▶ What is required: Without adding anything, give again the lines from the one holding "Angetrieben wird das" through the final line of the records, exactly, with both ends included and pictures dropped.

▶ Given data:
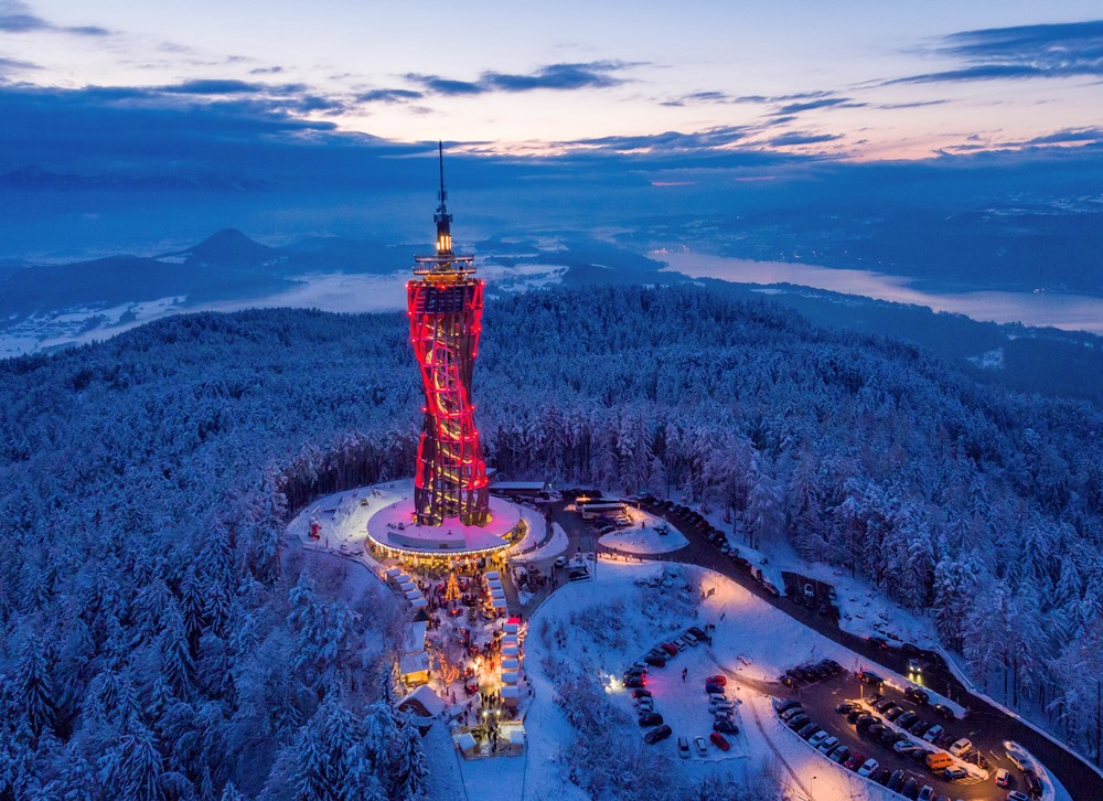 Zatim ćemo posjetiti Pyramidenkogel. Drveni toranj na Pyramidenkogelu visok je 100 metara, pa kada se popnete na njega, imat ćete jedinstven pogled na zelenu Korušku, a za lijepog vremena jasno ćete vidjeti ljepote i velike vrhove Slovenije… U spektakularnom pogledu na jezera i planine koje okružuju toranj možete uživati s tri promatračke platforme, kao i iz Sky Boxa, staklenog restorana s pogledom od 360 stupnjeva.
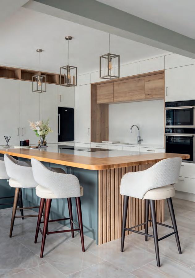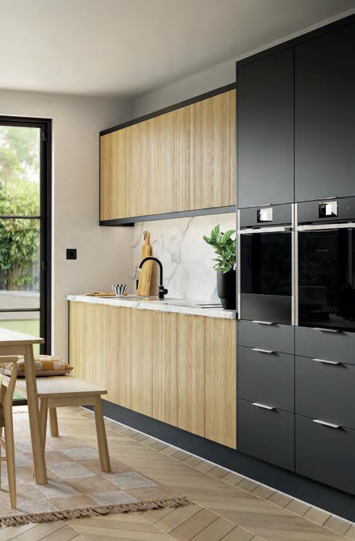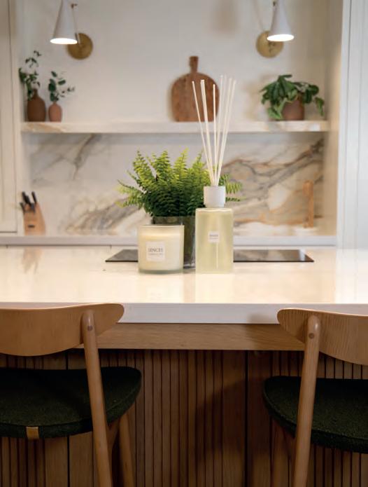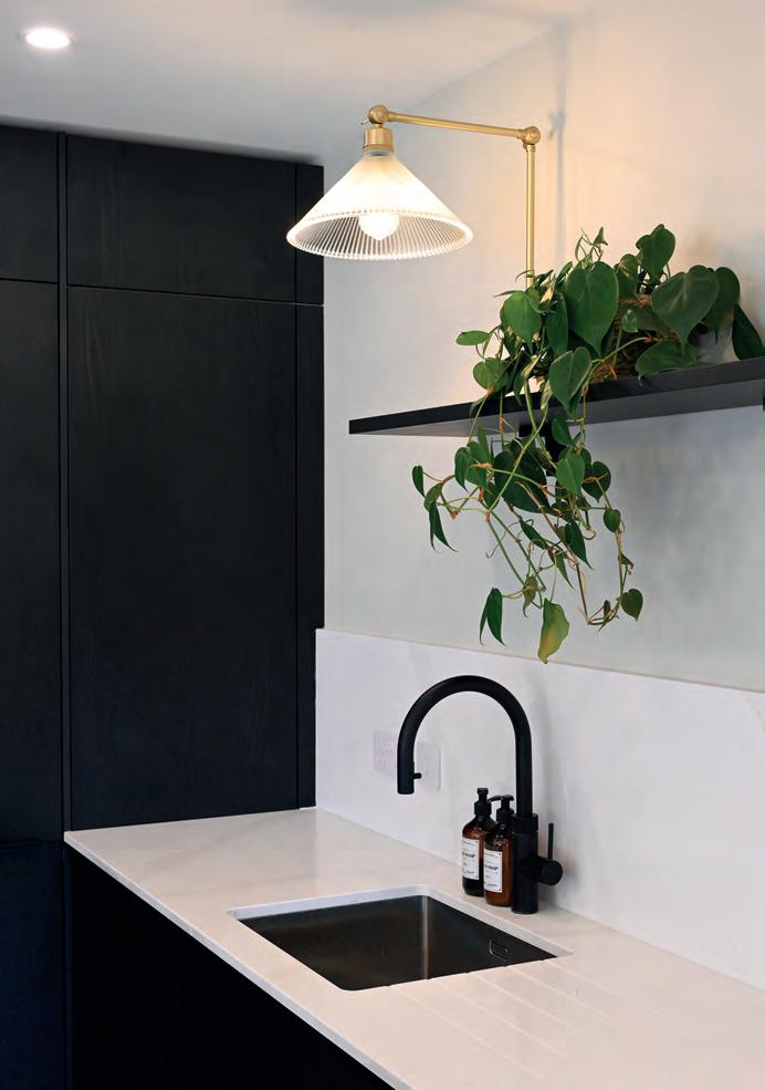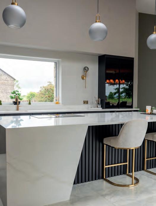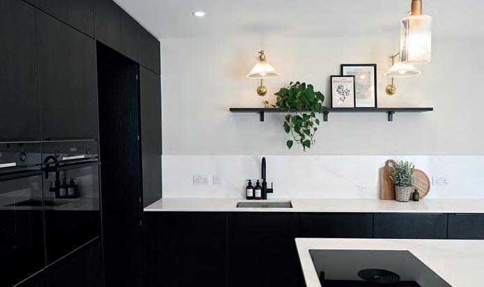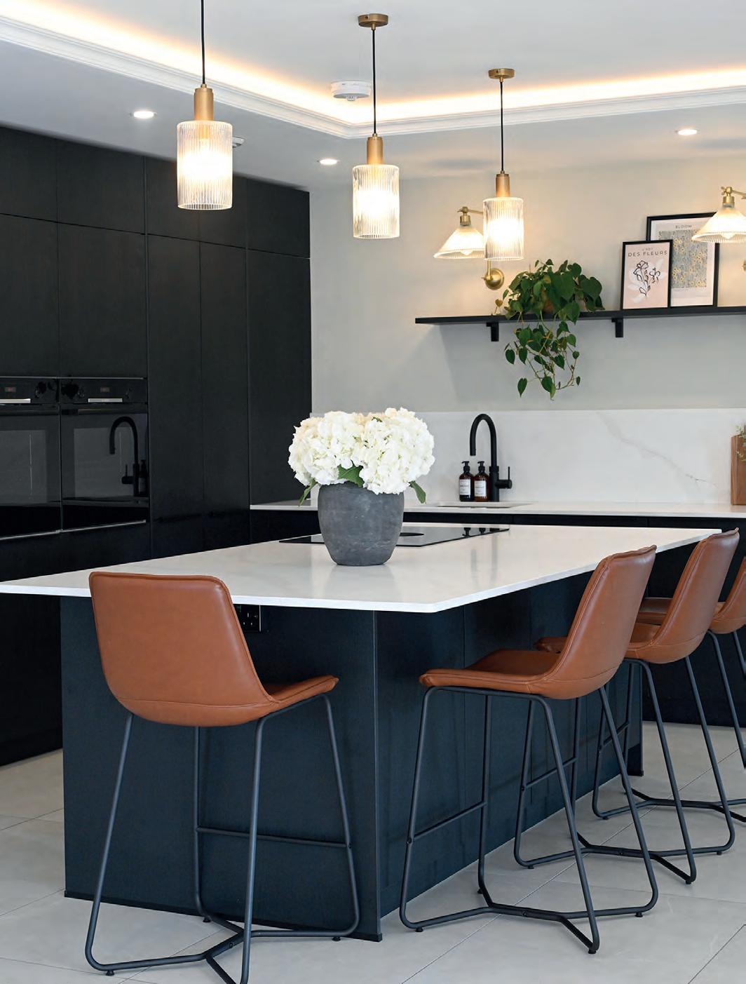 The result is a sleek, modern kitchen that earns its good looks through clever details rather than showboating. Handleless, or almost handleless; the handles are there, just beautifully hidden, the cabinetry stays fingerprintresistant, which, with two small children in the house, is less a luxury, more a survival strategy. The walk-in pantry is the feature Chloe can’t stop talking about: everything in one place, completely out of sight, completely under control. Ceiling coving with integrated LED lighting boosts a simple design strategy without complicating it. A boiling water Quooker tap, a considered layout and a design process that began with interior designer Ellen O’Shea from Enhance Interior Design, Cork meant the budget was clear from the start, and the result never seemed like a compromise. This is a kitchen built for the long haul, and it showsorganised, streamlined, timeless.
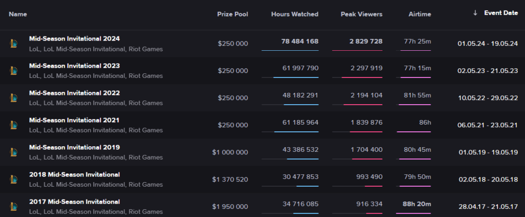 MSI 2024 став першим турніром в серії за піковим онлайном. Раніше лідирував минулорічний MSI, який у піку дивилося 2.2 млн фанатів.
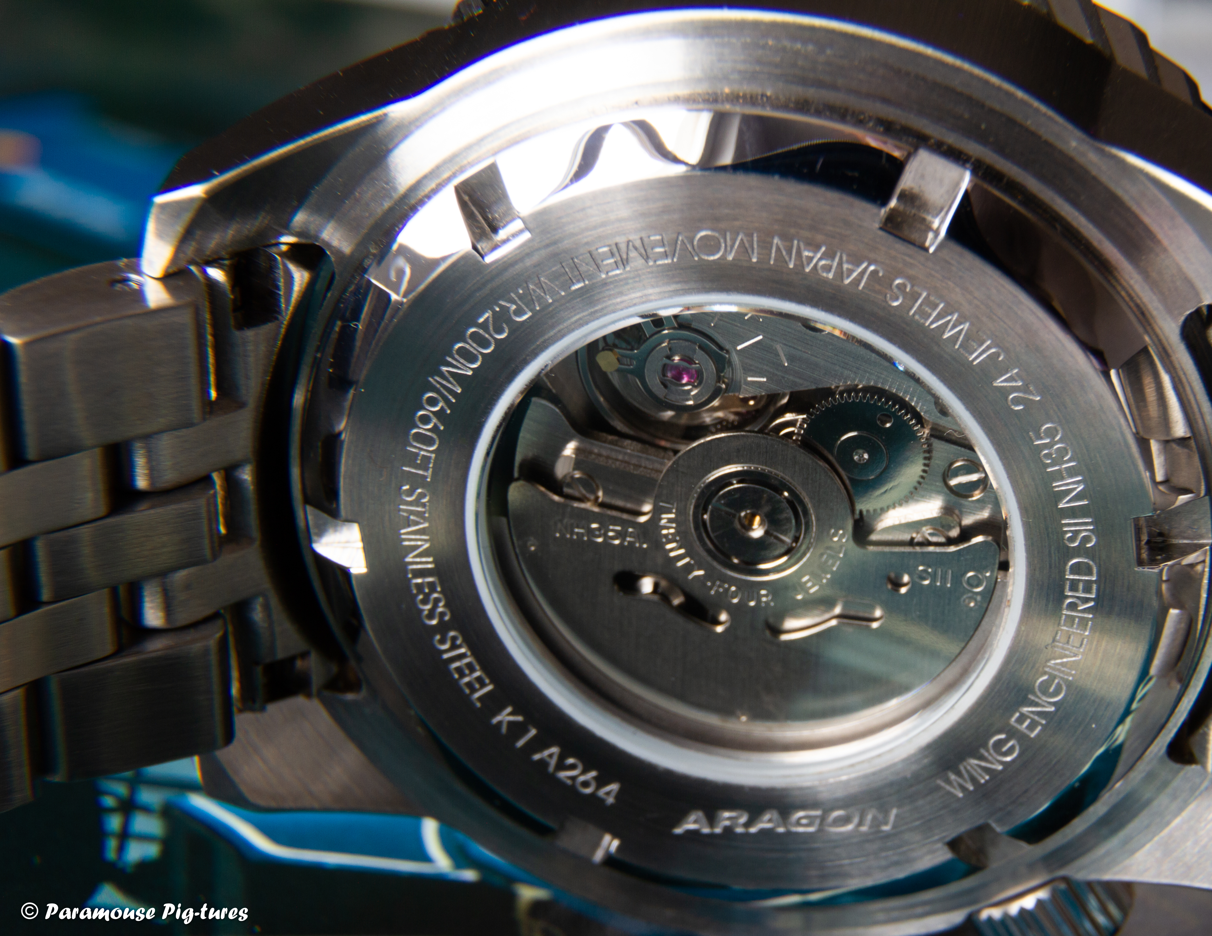 Angetrieben wird das Ührchen vom altbekannten SII NH35 Automatikwerk, welches auch hier gewohnt klaglos und zuverlässig seinen Dienst verrichtet
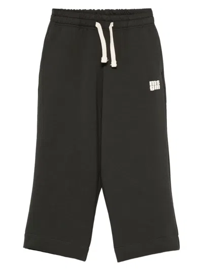 MSGM Kids' Logo-print Drawstring Trousers In Black

▶ Exercise answer:
 Angetrieben wird das Ührchen vom altbekannten SII NH35 Automatikwerk, welches auch hier gewohnt klaglos und zuverlässig seinen Dienst verrichtet
 MSGM Kids' Logo-print Drawstring Trousers In Black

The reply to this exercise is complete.